Pope Francis said: "The innocent victim of abortion, children who die of hunger or from bombings, immigrants who drown in the search for a better tomorrow, the elderly or the sick who are considered a burden, the victims of terrorism, wars, violence and drug trafficking, the environment devastated by man's predatory relationship with nature - at stake in all of this is the gift of God, of which we are noble stewards but not masters."
Of immigrants, he told Catholic bishops, "Do not be afraid to welcome them... I am certain that, as so often in the past, these people will enrich America and its church."
Immigration was an issue many Catholics hoped the pope would address while in Washington, where a partisan fight over what to do with undocumented immigrants has reached a tipping point.
One of these devout followers, 51-year-old Maria Lira made the journey to D.C. from a detention center in York, Pennsylvania to see the pontiff on his public parade route. She traveled with the 100 Women 100 Miles pilgrimage, aiming to draw attention to the plight of undocumented immigrants and their families in the United States.
"We want the Pope to be our voice when he goes to talk to the president and Congress," Lira, who is originally from Nuevo Laredo, Mexico, told CBS News. "We are tired of seeing the abuse and deportation of immigrants."
Such controversial positions from the pope will be placed in front of Congress on Thursday when Francis addresses lawmakers.

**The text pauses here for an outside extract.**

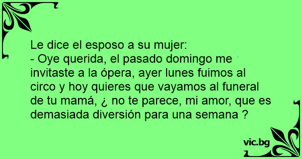 - Oye querida, el pasado domingo me invitaste a la ópera, ayer lunes fuimos al circo y hoy quieres que vayamos al funeral de tu mamá, ¿ no te parece, mi amor, que es demasiada diversión para una semana ?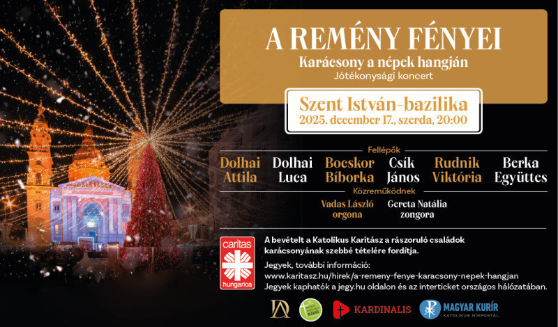 A Katolikus Karitász jótékonysági koncertjét december 17-én, szerdán 20 órai kezdettel tartják Budapesten, a Szent István-bazilikában A remény fénye – Karácsony a népek hangján címmel.

Earlier in the day, Francis made another appeal for environmental preservation on the White House's South Lawn, where he was greeted by President Obama, government officials, and thousands of others.
"As Christians... we wish to commit ourselves to the conscious and responsible care of our common home," the pope said in English.
"Climate change is a problem which can no longer be left to a future generation," he added. "When it comes to the care of our common home, we are living at a critical moment of history. We still have time to make the changes needed to bring about a sustainable and integral development, for we know that things can change."
Pope Francis also praised U.S. bishops for their response to the clergy sex abuse crisis.
Speaking before the bishops Wednesday at a worship service in Washington, Francis lauded them for what he called their "generous commitment to bring healing to victims." He praised them for having courage and acting, as he saw it, "without fear of self-criticism."
The clergy sex abuse scandal erupted in the U.S. in 2002 and turned into the biggest crisis in the history of the American church.
Under enormous public pressure, the U.S. Conference of Catholic Bishops pledged to oust any guilty clergy from church work and enact safeguards for children.
However, the scandal persists, and victims say the bishops still haven't fully accounted for sheltering abusers. This year, three bishops resigned in crises over their failures to protect children.